WHAT IS NEEDED. Within the entries below, output exactly the lines between the line containing "When Herbert faces" and the line containing "附件:云南省2023年度事業", inclusive, and omit any picture.

···

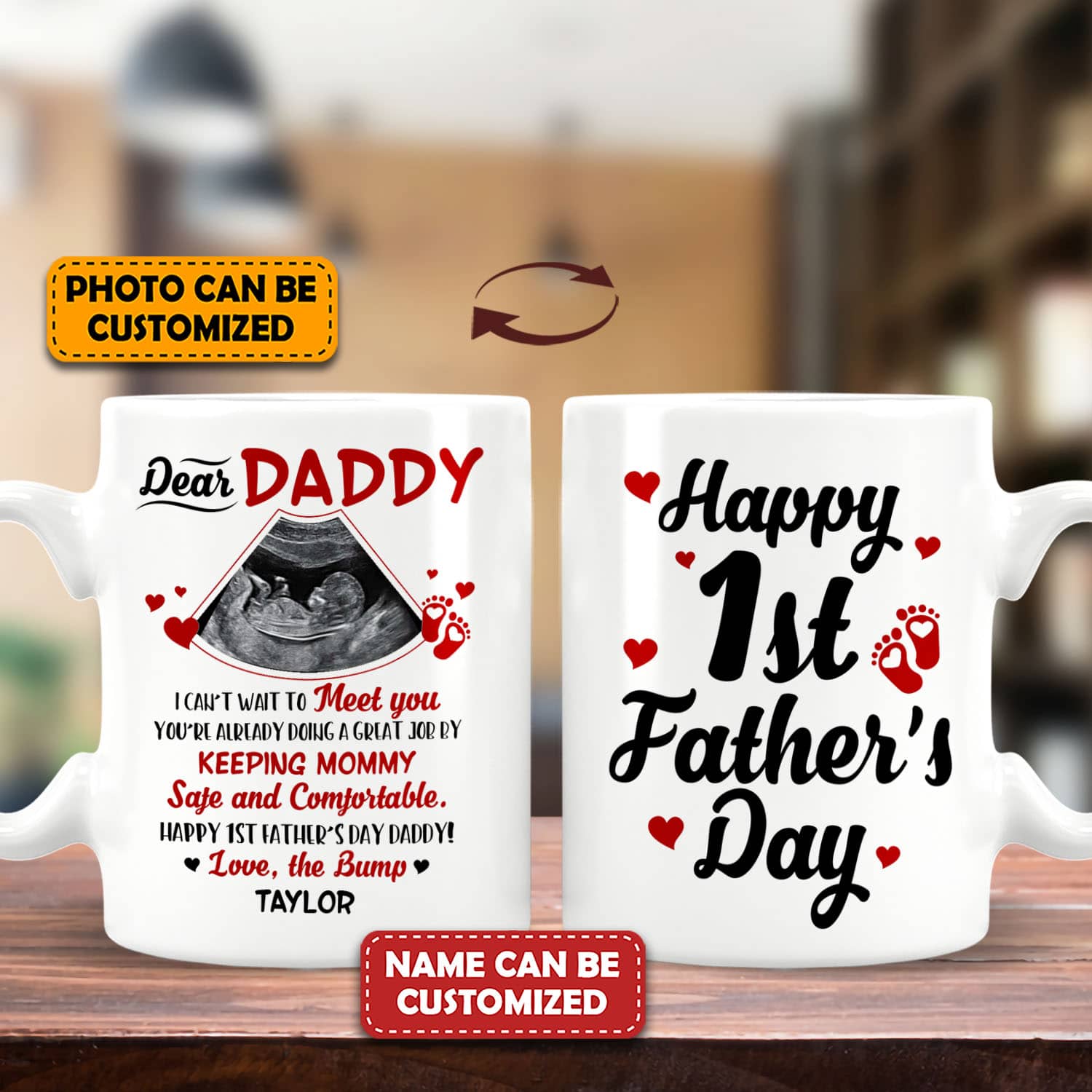 Let’s Shop Personalized Photo Dear Daddy I Can’t Wait To Meet You Happy 1st Father’s Day 2 Sides Printed Ceramic Coffee Mug!
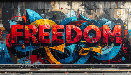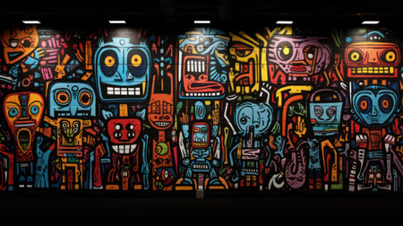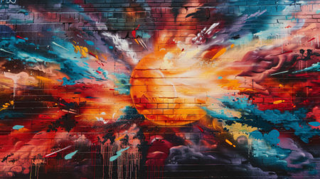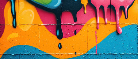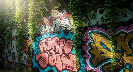 A detailed depiction of a vibrant graffiti wall showcasing an array of colors and textures, perfect for creative projects needing urban flair.
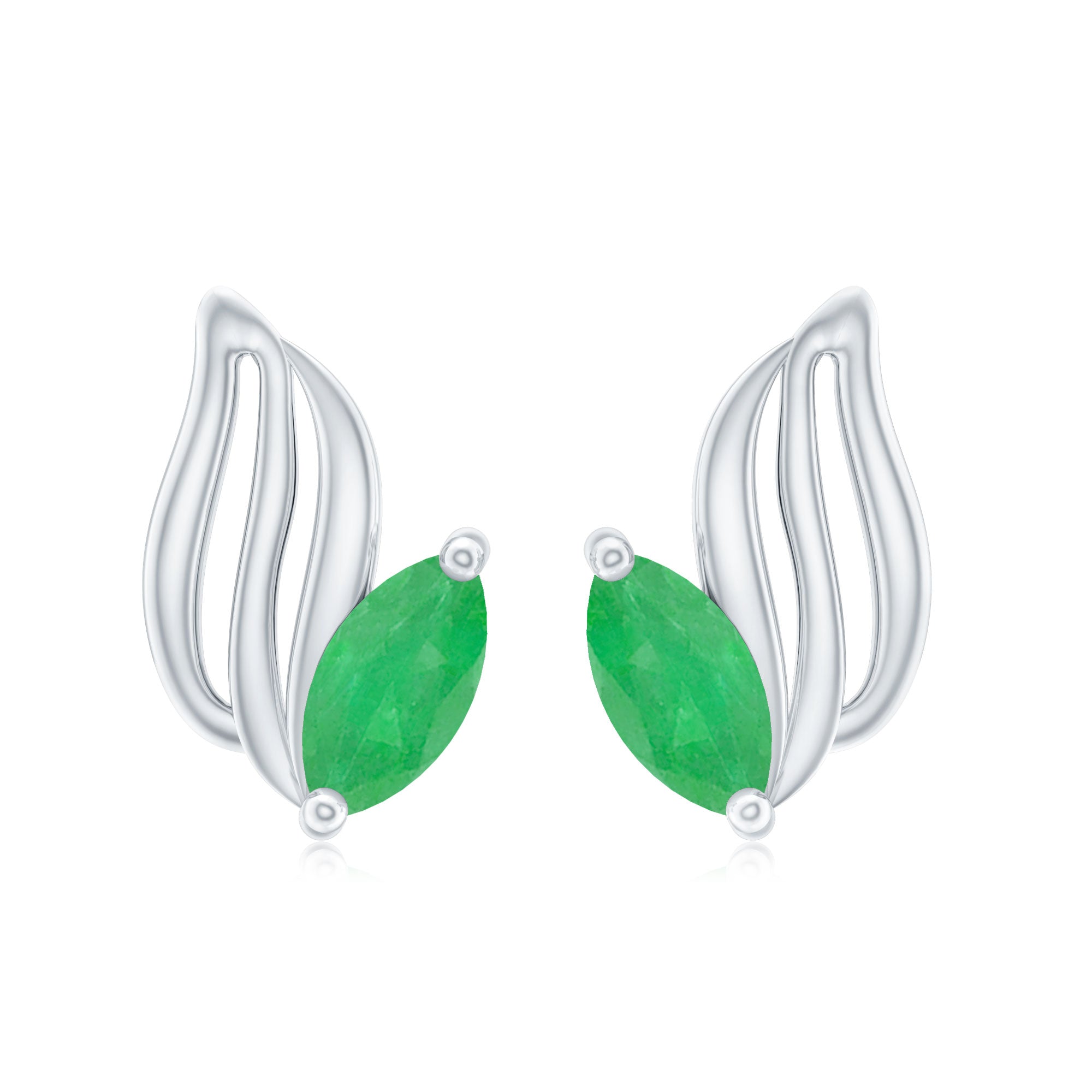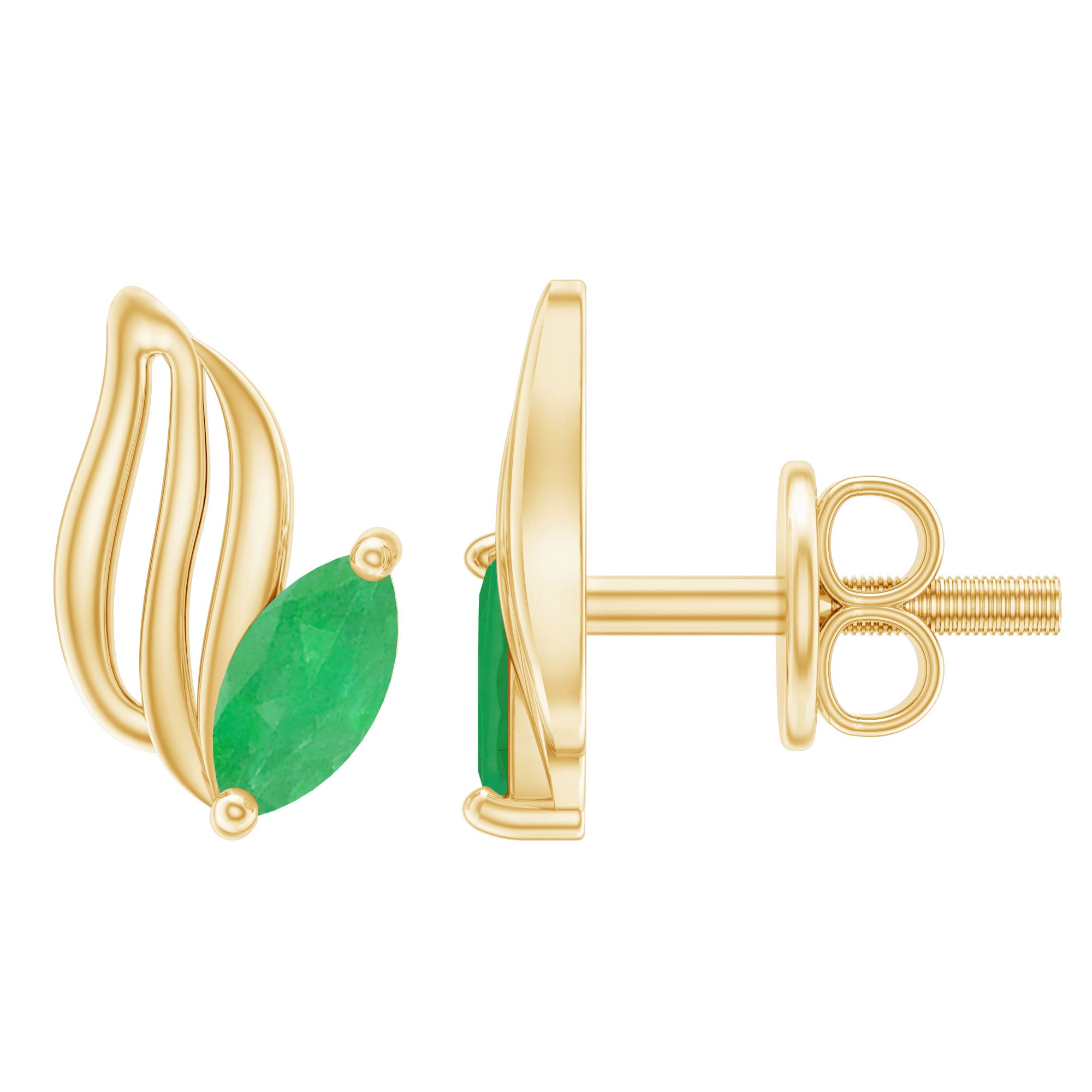 Marquise Shape Emerald Petal Stud Earrings with Screw Back
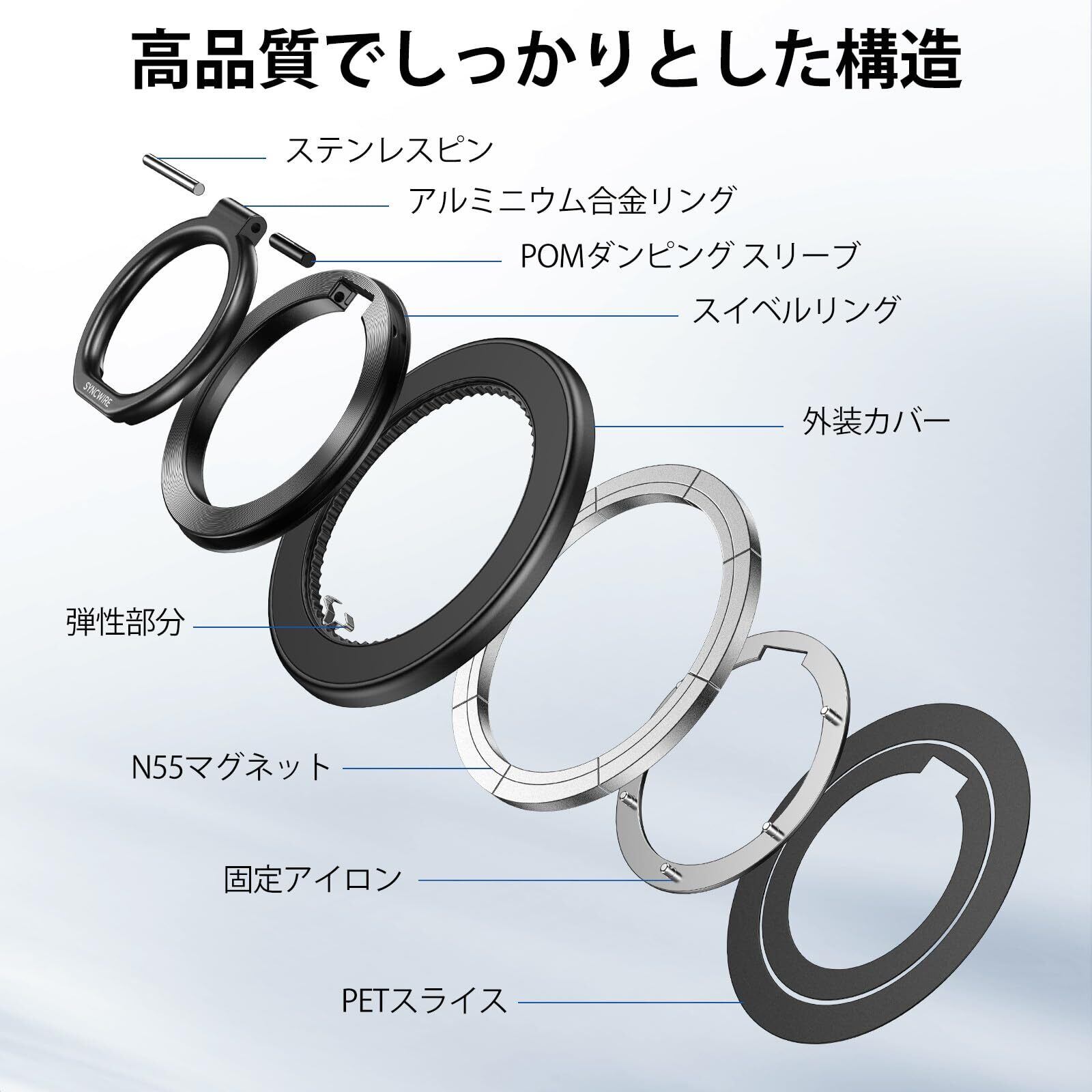 【360度回転】SYNCWIRE 両面マグネット MagSafe リング スマホリング 超强磁力 マグセーフ リング マグネット バンカーリング 超強力 薄型 角度調節可能 簡単着脱 iPhone 16 Pro Max 15 14 13 12 などに対応 アンドロイド 全機種対応 2枚メタルリング付
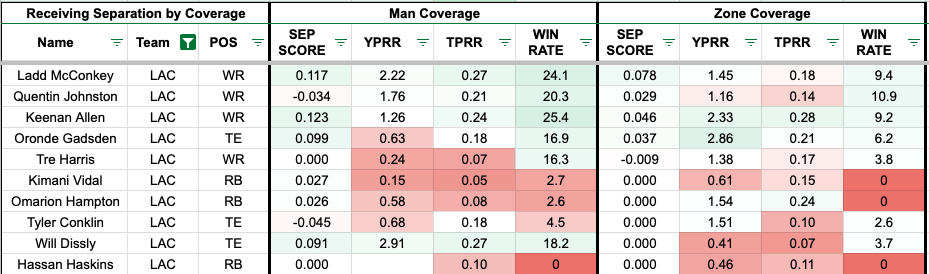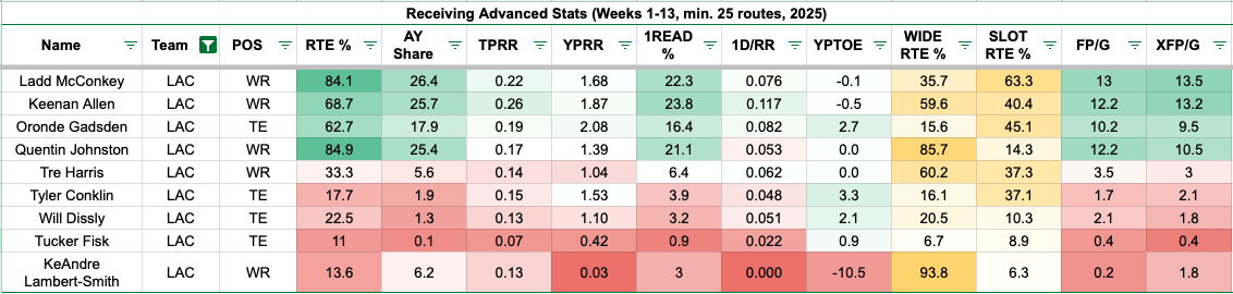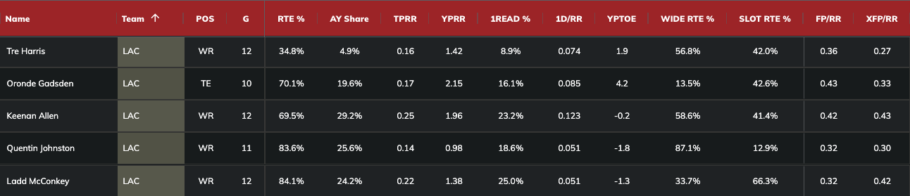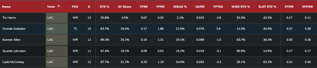 When Herbert faces pressure, he tends to look toward Ladd McConkey as his first read 34 percent of the time, with a team-high 20 percent target rate. Johnston remains the fourth option in target per route rate (9 percent) and first-read target share while producing a lowly 0.53 yards per route run.
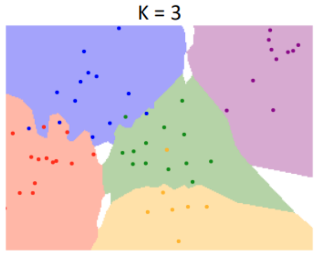각 점의 색은 그 점이 분류된 클래스를 나타내고, 배경색은 새로운 점이 해당 영역에 찍혔을 때 해당색의 클래스로 분류되는 영역을 나타낸다. 그리고 이렇게 영역을 그리다보면 영역과 영역 사이의 경계선이 그려진다.
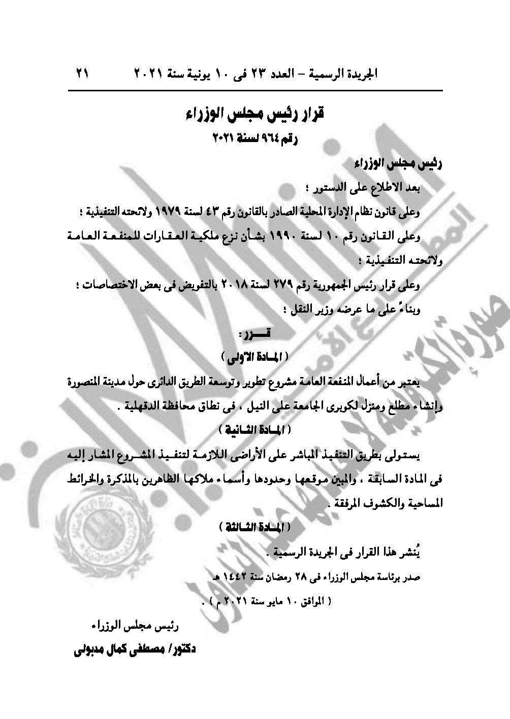 القرار رقم 964 لسنة 2021، باعتبار مشروع تطوير وتوسعة الطريق الدائري حول مدينة المنصورة وإنشاء مطلع ومنزل لكوبري الجامعة على النيل، في نطاق محافظة الدقهلية من أعمال المنفعة العامة.
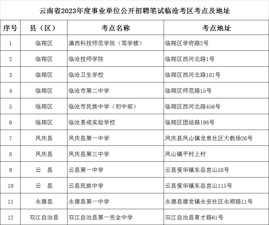 附件:云南省2023年度事業(yè)單位公開招聘筆試臨滄考區(qū)考點(diǎn)及地址
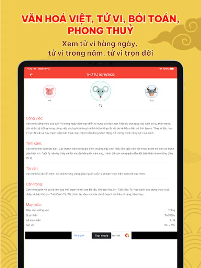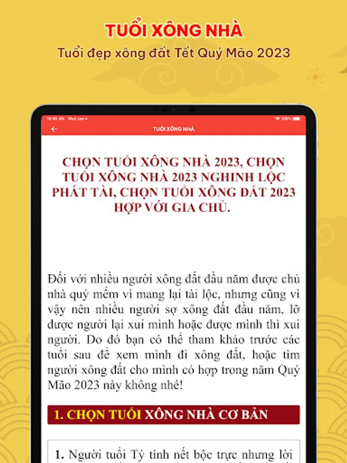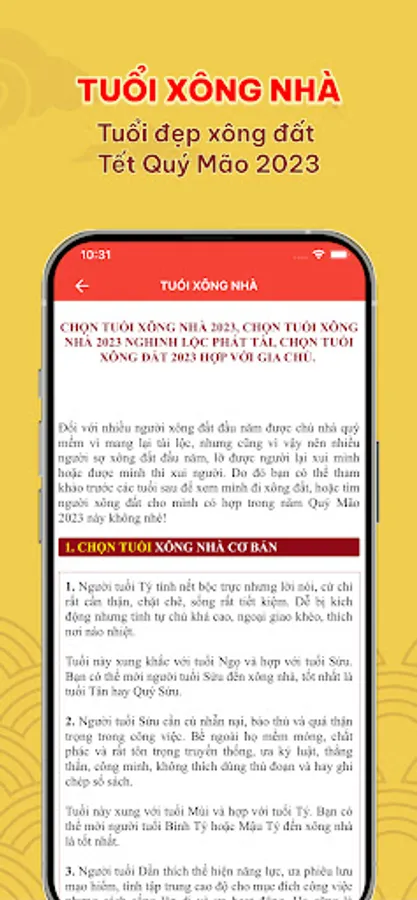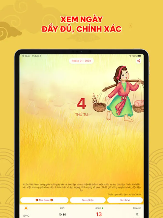 * Vietnamese cultural content (In the application of Van Nien Calendar - Lunar Calendar 2023):
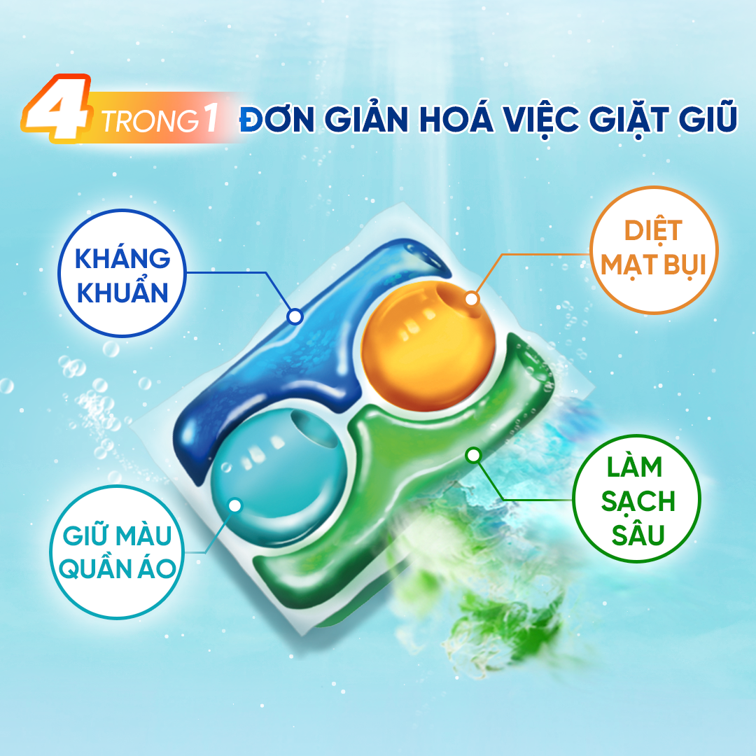 TẠI SAO LỰA CHỌN VIÊN GIẶT QUẦN ÁO thay thế các loại giặt tẩy thông thường? Đơn giản hóa việc giặt giũ chỉ với 1 sản phẩm 1 thao tác: - Đa năng: Tất cả trong 1 viên giặt chất tẩy vết bẩn, chất làm mềm vải, chất khử khuẩn- khử mùi, bảo vệ màu quần áo (tương tự sự kết hợp của nước giặt và nước xả) - Tiện lợi: Dùng được tới 7 kg quần áo chỉ với 1 viên; Dùng được cho cả máy giặt cửa trên và máy giặt cửa trước ; Dùng khi giặt bằng nước nóng/ lạnh đều có hiệu quả như nhau -Bảo vệ tuổi thọ máy giặt: Công thức ít bọt bảo vệ lồng giặt, gia tăng tuổi thọ máy giặt (sử dụng thêm viên tẩy lồng giặt định kỳ để làm sạch và bảo vệ lồng máy giặt) - Hiệu quả hơn bạn nghĩ: Chi phí tiết kiệm hơn so với 1 lần giặt thông thường - Đơn giản hóa danh sách mua sắm - Tiết kiệm
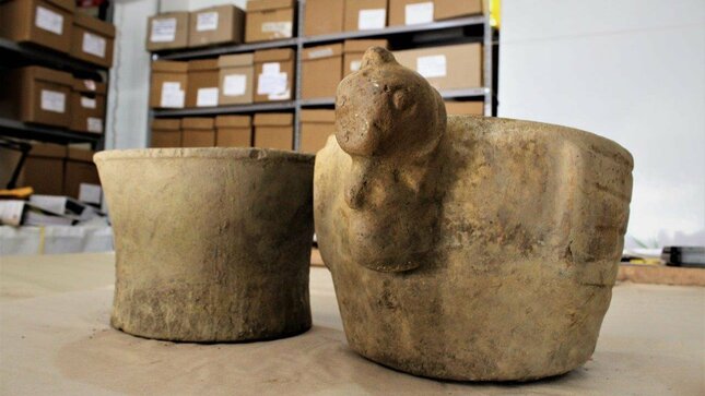 También se halló una vasija de piedra sencilla, con el borde refinado. Ambas piezas tienen una medición de 30 cm. de diámetro por 25 cm. de altura.

···

SOLUTION BELOW.
 When Herbert faces pressure, he tends to look toward Ladd McConkey as his first read 34 percent of the time, with a team-high 20 percent target rate. Johnston remains the fourth option in target per route rate (9 percent) and first-read target share while producing a lowly 0.53 yards per route run.
각 점의 색은 그 점이 분류된 클래스를 나타내고, 배경색은 새로운 점이 해당 영역에 찍혔을 때 해당색의 클래스로 분류되는 영역을 나타낸다. 그리고 이렇게 영역을 그리다보면 영역과 영역 사이의 경계선이 그려진다.
 القرار رقم 964 لسنة 2021، باعتبار مشروع تطوير وتوسعة الطريق الدائري حول مدينة المنصورة وإنشاء مطلع ومنزل لكوبري الجامعة على النيل، في نطاق محافظة الدقهلية من أعمال المنفعة العامة.
 附件:云南省2023年度事業(yè)單位公開招聘筆試臨滄考區(qū)考點(diǎn)及地址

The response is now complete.